Водитель. Ты подумай, ведь верно рассуждает, не пропил еще, видно, мозги до конца.

Рафик. Из села мы выехали на трех «КамАЗах».

Водитель. Я впереди, как более опытный: все-таки у меня за спиной армейский опыт. Рафик сел в мою машину и по-хозяйски устроился в кабине.

Рафик. Какой-то подозрительный шорох в кабине.

Водитель. Оказалось, мышка! Маленькая, с пол-ладошки. Видимо, попала в машину вместе с зерном и каким-то образом перебралась в кабину.

Рафик. Сейчас мы ее поймаем и прихлопнем.

Водитель. Не тронь. Все-таки она моя землячка, наша, деревенская!

Рафик. Ну, ты даешь! Землячку нашел...

Отец. Каждому дорога своя, родимая земля. Но почему же люди покидают этот райский уголок и обрекают себя на скитание на чужбине?

Водитель. Уже лет десять работали в нашем ауле шабашники-армяне. Кто-то из них уезжал, кто-то приезжал, но их бригадир, по имени Рафик. почти не отлучался из нашей деревни, став почти односельчанином. Спину не гнул, даже галстук носил на манер начальства. Гостей из райцентра или Казани встречал шашлыками, приготовленными лично Рафиком.

Рафик. Армянский шашлык из татарской овцы получается особенно вкусным.

Водитель. Не знаю, не пробовал.

Водитель. Мы знали, что сельские девчата давно заглядываются на южных гостей. По правде говоря, не на нас же, деревенских пентюхов, им заглядываться.

Рафик. Армяне ходят прямо, гордо, подбородок – вперед, а нос...

Водитель. А девки – они для того и девки, чтобы делать ложные выводы методом сравнения.

Рафик.  Деревенские злились за это на армян.

Водитель. У меня руки в кулаки сжимались. Да что толку?

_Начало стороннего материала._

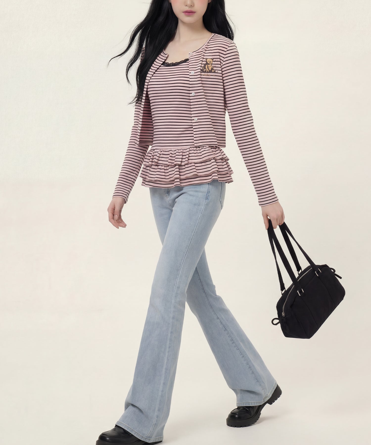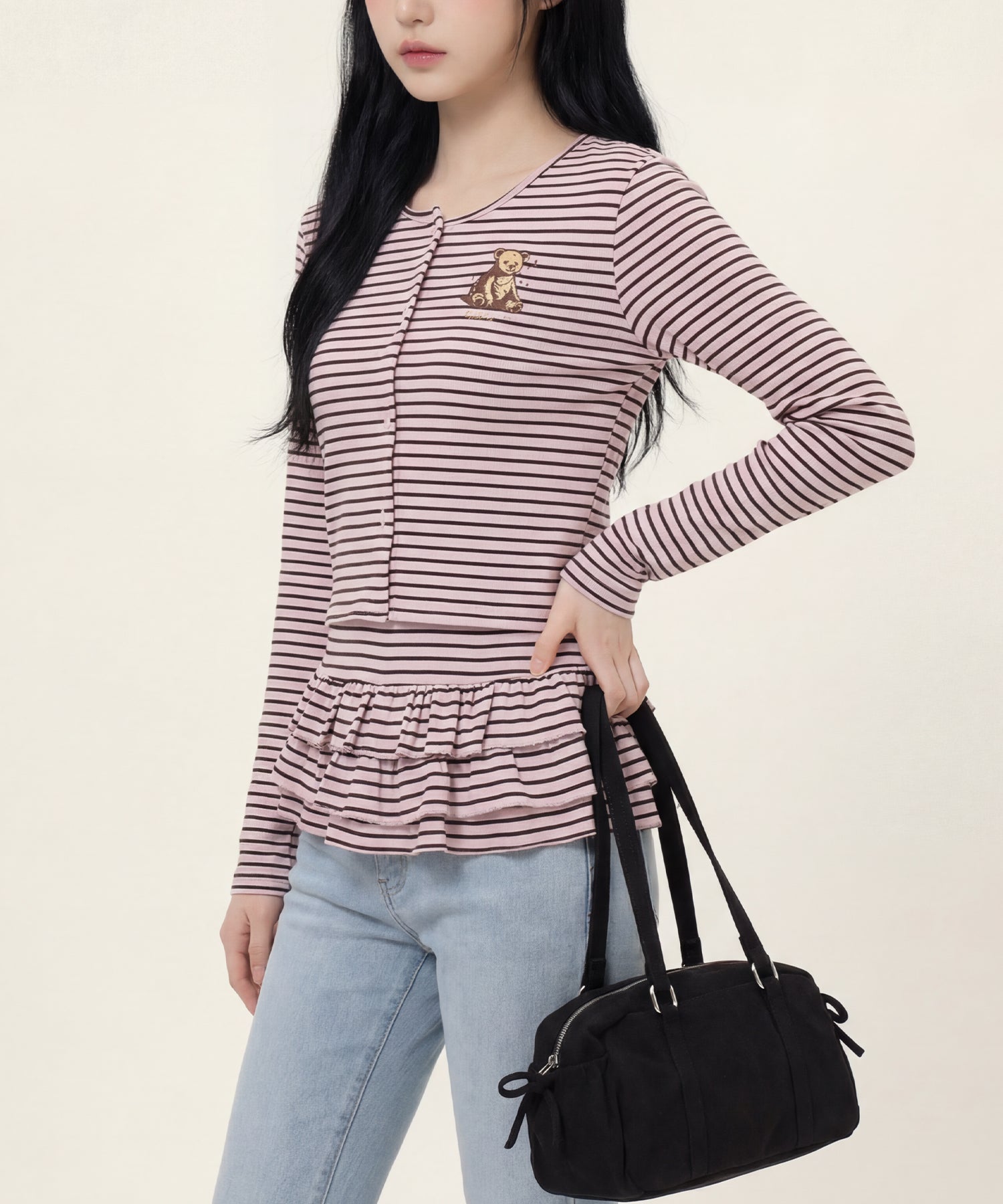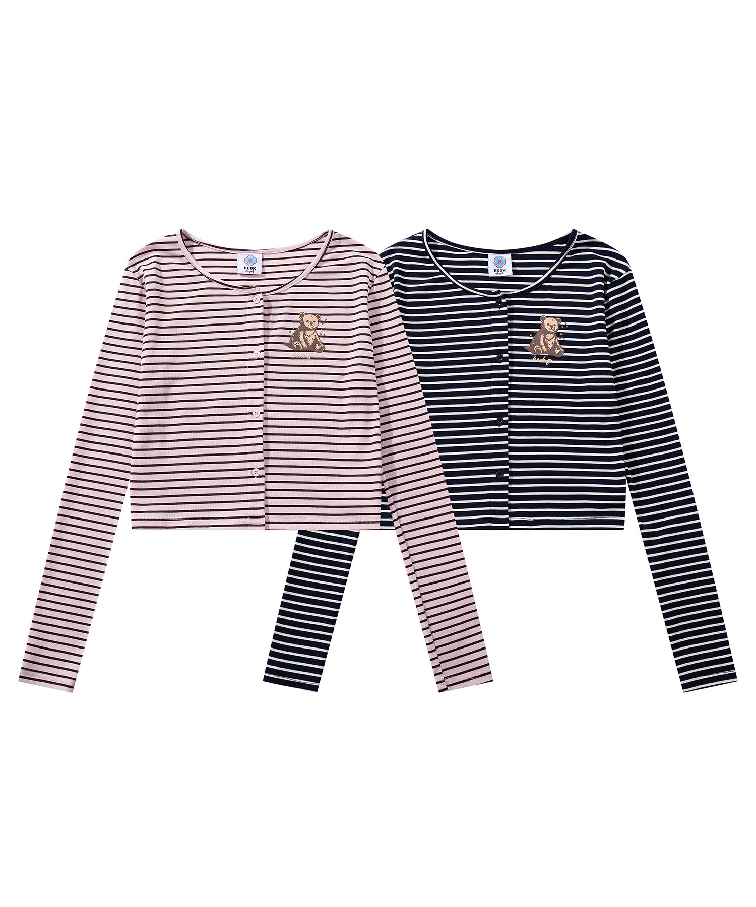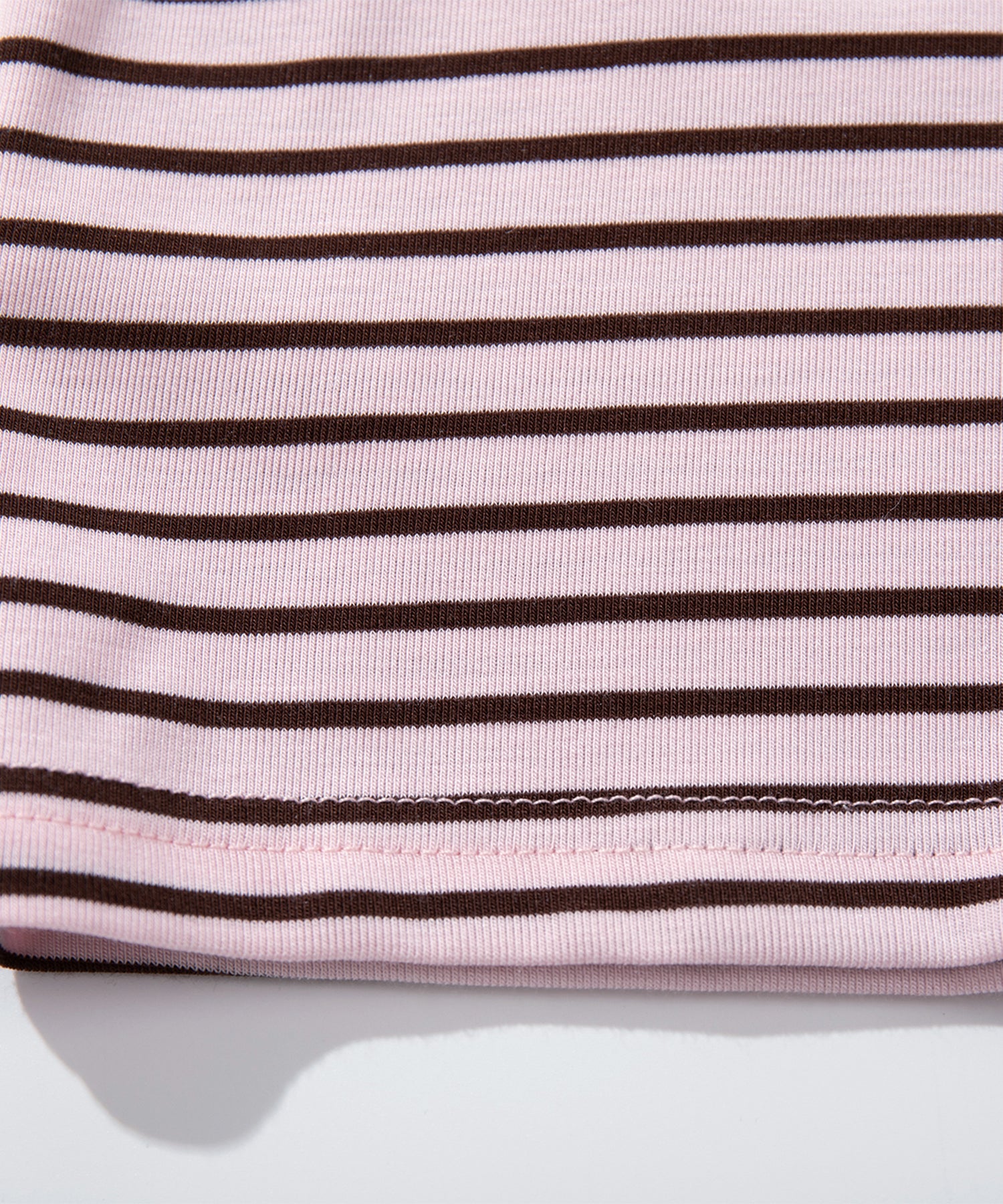 胸元ワンポイントのベアプリントが可愛いボーダーアンサンブル。
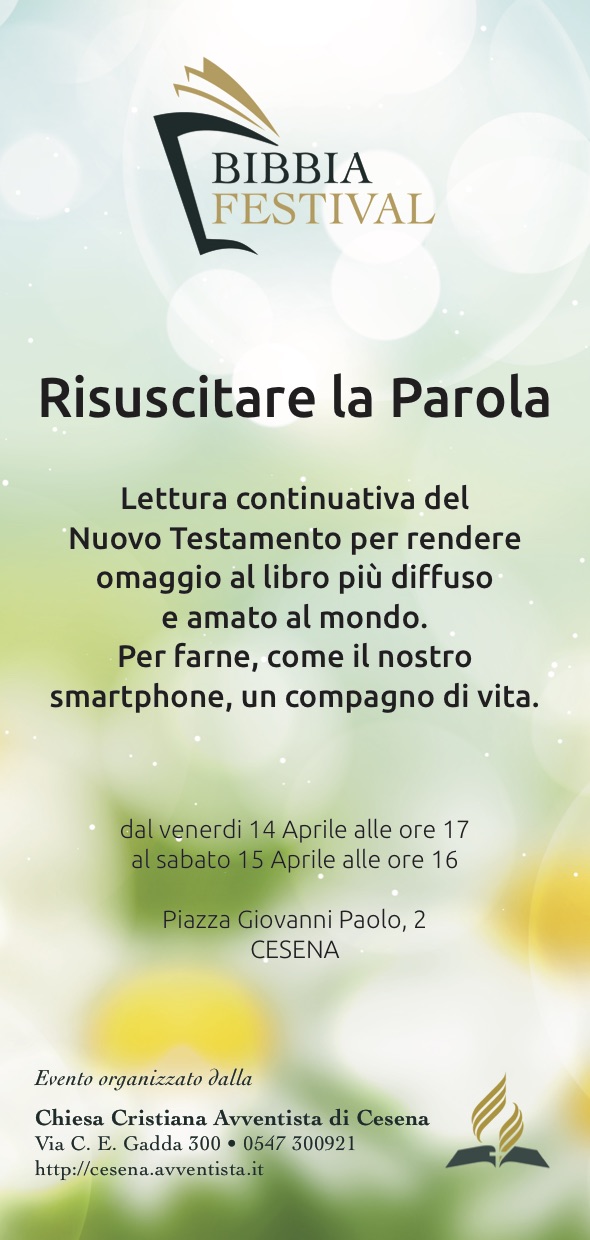 La sedicesima edizione della Lettura non stop del Nuovo Testamento, iniziativa organizzata dalla chiesa cristiana avventista di Cesena, fa parte del programma Bibbia Festival 2017 che prenderà il via nei prossimi giorni.
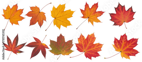 Fototapeta premium Autumn maple leaves vibrant fall colors isolated on a transparent background
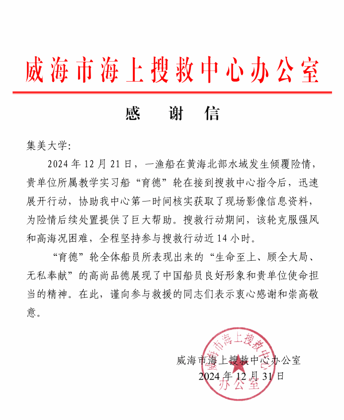 近日,我校收到威海市海上搜救中心辦公室發來的感謝信,對參與海上搜救行動的“育德”輪師生表示肯定與感謝。
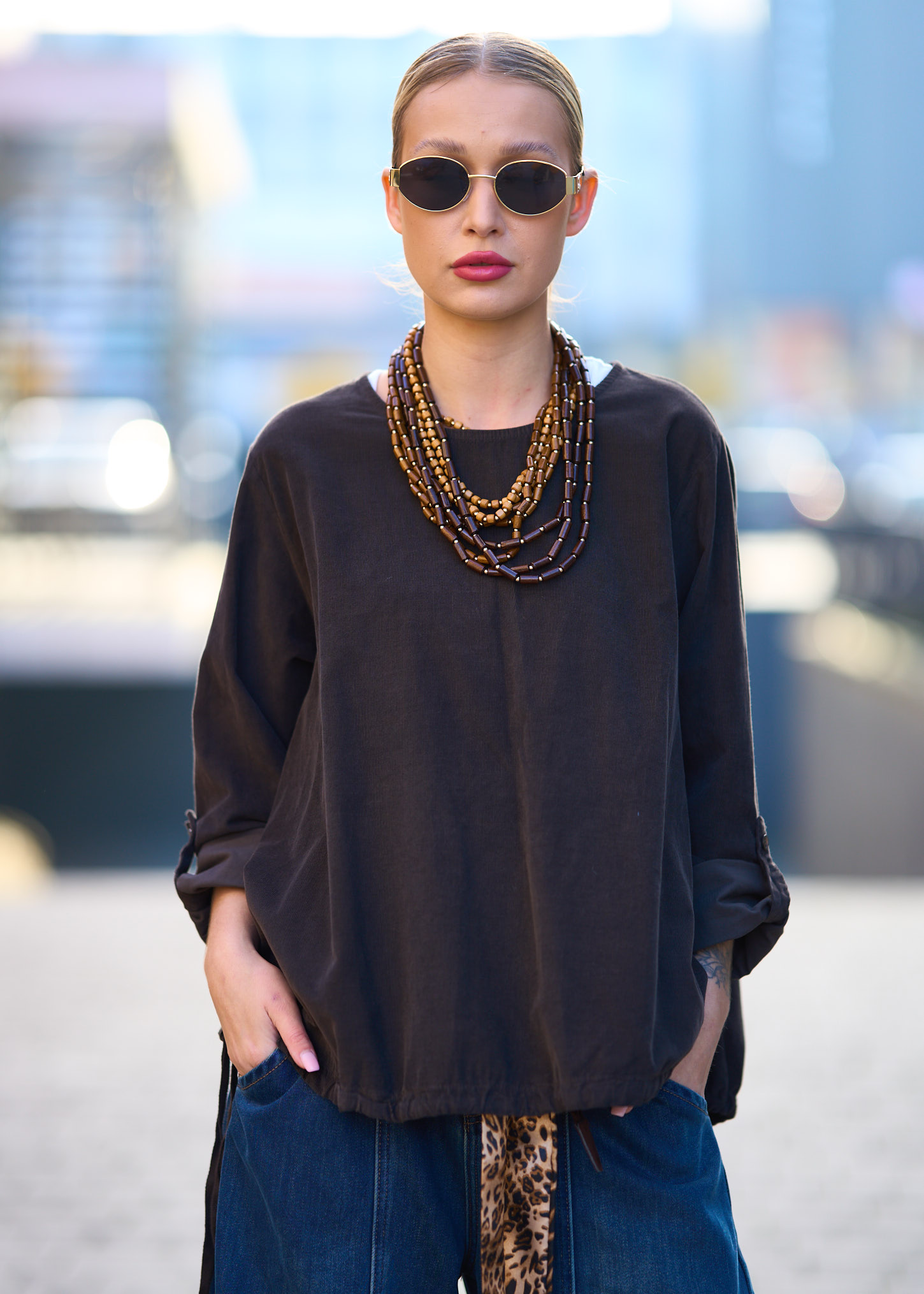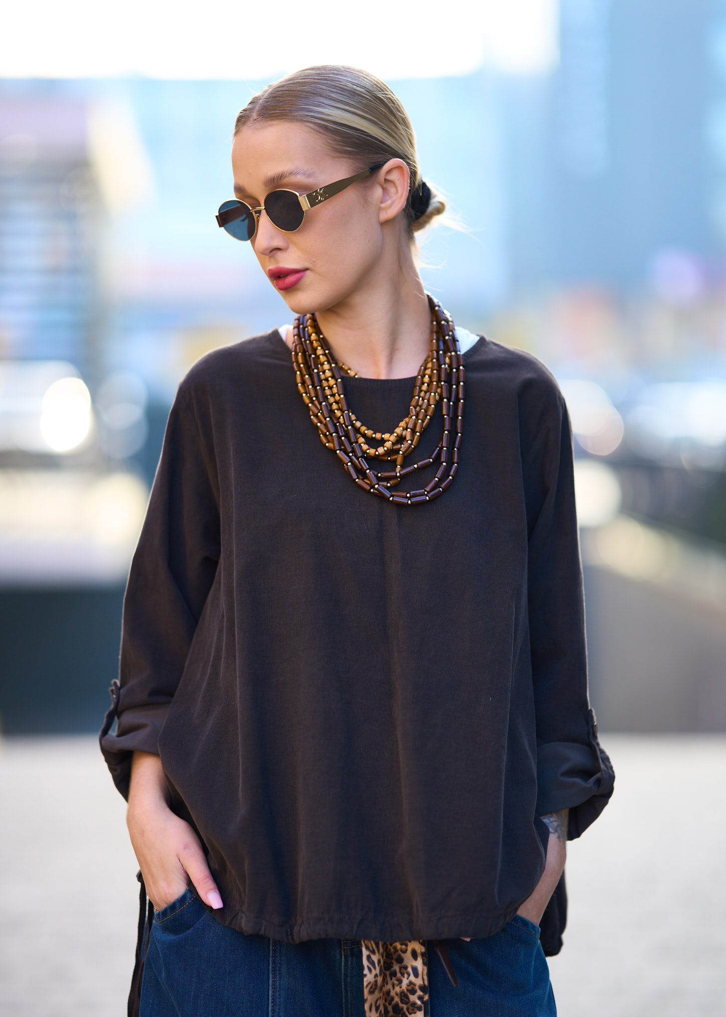 Wyjątkowa propozycja dla miłośniczek stylu boho, etno i naturalnych materiałów. Wykonany z wielu rzędów drewnianych koralików w różnych odcieniach brązu, tworzy efektowną, a jednocześnie lekką formę, która pięknie układa się na dekolcie. Złote przekładki dodają całości subtelnego blasku, dzięki czemu naszyjnik świetnie sprawdzi się zarówno w codziennych stylizacjach, jak i podczas letnich wyjazdów, festiwali czy spotkań ze znajomymi. Doskonale pasuje do lnianych sukienek, basicowych bluzek, swetrów i koszul. To dodatek, który ociepli każdą stylizację i nada jej wyjątkowego charakteru.
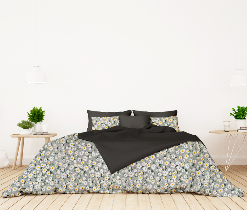 Bavlněné povlečení oboustranné - Heřmánkové pole na šedém/šedé. Toto elegantní povlečení je vyrobeno z kvalitní 100% bavlny, která zaručuje jemnost, komfort a dlouhou životnost. Nabízí praktický oboustranný design: jedna strana je ozdobena motivem heřmánkového pole s bílými květy a žlutými středy na šedém podkladu, zatímco druhá strana je jednobarevná šedá, což umožňuje snadnou změnu vzhledu ložnice podle nálady. Sada obsahuje povlak na polštář a přikrývku, které spolu dokonale ladí. Povlečení je snadno udržovatelné, ideální pro milovníky přírodních vzorů a moderních barev, které přinášejí harmonii do interiéru. Výborná volba pro stylové a pohodlné spaní!
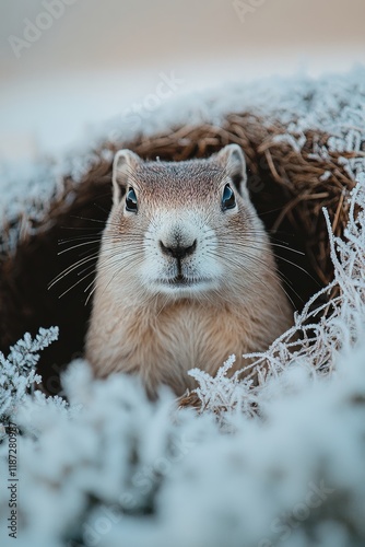 © Irina Kozel, Obraz premium A groundhog peeking out from its burrow surrounded by frost-covered grass
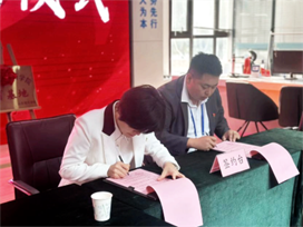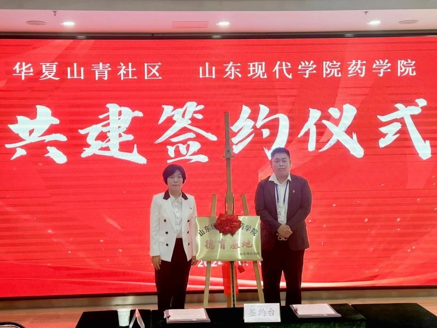 双方共同签订《山东现代学院药学院团支部与华夏山青社区结对共建协议书》。
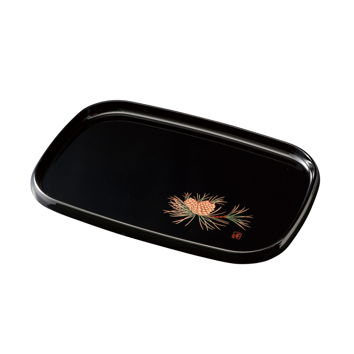 お盆の産地として有名な「紀州漆器」の美しいトレーです。上品で美しいデザインは使用するひと時にパッと華を添えてくれます。実用性はもちろん、お祝い、内祝いなど贈り物にも喜ばれます。紀州塗り(紀州漆器)は室町時代の始まりであると伝えられています。その塗物技法は優れた漆工たちに引き継がれて、昭和53年に通産省より伝統的工芸品の指定を受けております。美しく、丈夫で使いやすい『ぬりもの』としてご愛用を頂いております。どうか麗しいぬりもののよさを充分味わって下さい。■サイズ(約) 39×27×高さ2cm■材質 ユリア樹脂■塗装の種類 カシュー塗装紀州塗り お盆 トレー 13寸 長手盆 黒 高野槇 茶盆 おしゃれ おぼん トレイ 和風 和モダン 飾り 日本製 国産
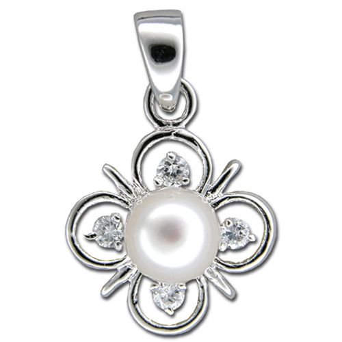 Sterling Silver Fresh Water Pearl on 4 Petals Flower with CZ Pendant
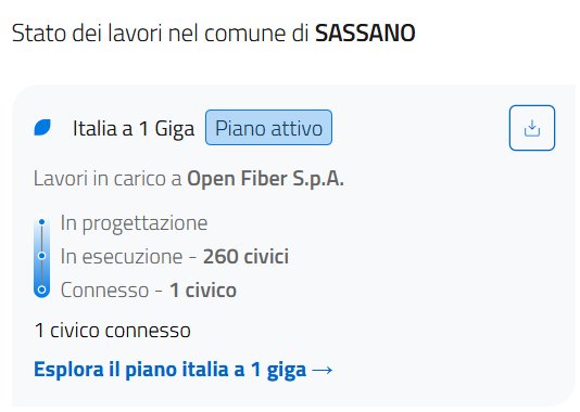 Potete confermarmi che se c'è scritto questo sul sito connettiitalia il progetto è già stato approvato e siano anche iniziati i lavori? Perchè ho provato a chiedere in comune e ovviamente mi hanno liquidato dicendo di non sapere nulla...

Рафик. Кого запугаешь этими кулаками, да еще спрятанными в карман?

Отец. Однажды Юсуфа позвал к себе в контору сам председатель колхоза.

Пред. Как живешь-можешь, дядя Юсуф? Что-то не видно тебя, уж не заболел ли случаем?

Отец. Да нет... Старуха малость хворает...

Водитель. На столе появилась водка, остатки знаменитого «рафиковского» шашлыка.

Отец. Выпили, закусили, выпили...

Пред. Избенка-то у тебя обветшала, дядя Юсуф. Ну, ничего. В колхоз поступило пять финских домиков. Хочешь, один из них тебе выделю? Живите на здоровье, радуйтесь...

Отец. Задубевший от алкоголя язык не поворачивался, и бедный Юсуф лишь послушно кивал.

Пред. Есть только одно обстоятельство, дядя Юсуф. Дело в том, что Арсен, племянник Рафика, смертельно влюблен в твою дочь. Ну, прямо Меджнун!.. Не ест, можно сказать, что не спит. Кожа да кости только остались… Разве такие – извини, Арсен! – дохляки нужны моему колхозу?!

Водитель. Армянам не отказать во вкусе. Сююмбике – дочь пастуха Юсуфа. Самая красивая, веселая девушка аула не позволяла провожать себя ни местным парням, ни жгучим залетным армянам.

Рафик. Огонь девка.

Водитель. Я тоже был влюблен в нее, но с ней смотрелся  балда  балдой, не умевшим и два слова связать.

Пред. Выйдет за него дочь, а мы тебе хорошее приданое – новый дом выделим.

Отец. Выпили в очередной раз.

Водитель. Юсуфу ничего не оставалось, как в знак согласия сунуть свою дряблую, руку в могучую председательскую...

Пред. Ну, ты джигит. Понимаешь текущий момент!

Водитель. Армяне подарили Юсуфу кепку-«аэродром», а его старухе — отрез на платье.

Отец. Я эту кепку не надевал, армянская голова поширше татарского «кочана».

Пред. Председатель – хозяин своего слова: на следующий же день к избушке пастуха привезли необходимый комплект стройматериалов для финского домика. Оставалось собрать его и только...

Водитель. Но он до сих пор не собран. Мало того, досок в комплекте поубавилось.

Отец. Я – человек добрый, покладистый. Отчего не дать за бутылку пару досок? Пожалуйста... А доски в деревне везде пригодятся.

Водитель. Впрочем, случалось, что ночью доски пастуха исчезали сами собой.

Отец. А племянник Рафика Арсен увез Сююмбике к себе на родину.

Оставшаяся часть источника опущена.